About effective learning (Part 2): My personal experience

In the previous post, we talked about the need a lot of us share in wanting to learn things fast and with minimum effort, and I shared with you a part of my story with learning techniques as well as the beginning of my struggles with such a thing. So if you haven’t already, make sure you check that out, and let’s carry on with my effective learning journey.

Anyways, that was when I started struggling with what we call effective learning. I had to find out a way to still be myself (not get depressed) but also do good in school. First thing I had to do was to let go of that “need” or “desire” to be first of my class because that was not high school anymore, but since I was so used to being like that with hardly any effort, it was kinda hard for me to accept that being the first in class was no longer going to be one of the things that people use to refer to me. It was hard to calm down that competitiveness voice in me that told me that the only way that I could be important and worthy of respect is if I was first in class again. I knew I could do it if I put the effort into it (and some teachers saw that in me too) but I also knew that that would mean that I’ll have to be that “crazy competitive nerd” to say the least. And I don’t like having to prove myself, but I also knew that if I wanted to still be number 1, I needed to study more, to work harder, and to leave some of the things that I liked behind, just simple things that bring me joy.

And so I decided I didn’t want to be the “best” anymore, I never wanted it that bad at the first place, it just used to happen, but I discovered that it didn’t mean much to me anyway, even if it was one of the things that my parents were the proudest about. And so, crazy competitiveness and ego issues out, I started to try things out to discover who I was going to be as a student but also as a person in that stage of my life (It was also the first time I leave my home town to go and live in a boarding school away from my parents, which held in itself a lot of life lessons, more of that in future posts, let’s focus on the learning processes right now).

At first, I tried to apply the same “studying techniques” that I used to do before, and that was to look at my textbook for 0 to 2 hours two days before the exam (I had come up with a rule that I shouldn’t be studying the night before the exam because things will get confused in my head, I strongly believed in that rule Lol).

The results of those “techniques” were bad, I was ranked in the 3rd to 4th quarters for most exams (that was bad because you’re risking to be sent home if you stay there for a long time). And so, I was like Okay, this is clearly nothing like high school, so I better get my ass on that chair and start doing what everybody else is doing. But I had to find my own way of doing that and so after a few attempts, I’ve tried different techniques because I just couldn’t be that “always studying kind of student”, plus I would get bored easily and so I wouldn’t be learning anything anyway.

Long story short, after a few more months, I found a balance when it comes to hours of studies each week, how to study, where, tips to increase focus, tips to remember things easily. I discovered those things for myself by trying things out and watching the results, I didn’t know at that point that there were people who study things like “the science of learning how to learn”, I didn’t know of what is called “cognitive psychology” and I had no idea how the human brain is formed, how we record information, how memories are formed into our minds and how does the process of recall work.

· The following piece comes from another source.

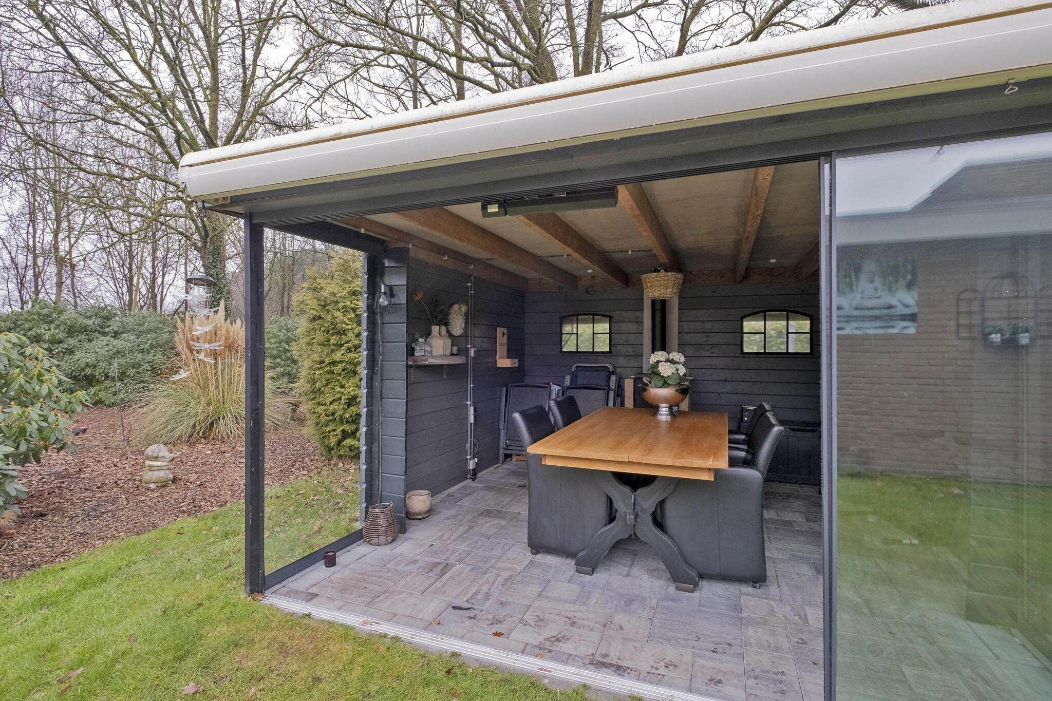 Niet alleen de binnenkant van deze woning is aantrekkelijk; ook het buitenleven is hier heerlijk. Vanuit de woning heeft u direct toegang tot het zonnige terras. Het groen van de tuin omringt het huis volledig en biedt een gevoel van rust en privacy. In de tuin is een stijlvolle tuinkamer gerealiseerd, waar glazen wanden de ruimte kunnen afsluiten.

I wish I knew these things back then, and I think if I had read something similar to these posts that I’m writing right now, it would have helped me a lot and saved me much more time. I can go on and on in explaining to you how I discovered what worked for me through my repetitive experiments and trials to get it right, how I managed to be ranked in the top 20% of the students in the country and get access to ALL the engineering schools in the country and had the choice to choose one of them (not for some of them to choose me) even if I wasn’t top of my class. I can also explain how I had to change my learning techniques in each stage of my life whether in engineering school or in university for my Ph.D. studies, at work, in learning new languages, in learning about Islam and the Quran, in learning a specific skill, a sport, in learning beauty hacks and makeup, in making the most of what I read and listen to, etc.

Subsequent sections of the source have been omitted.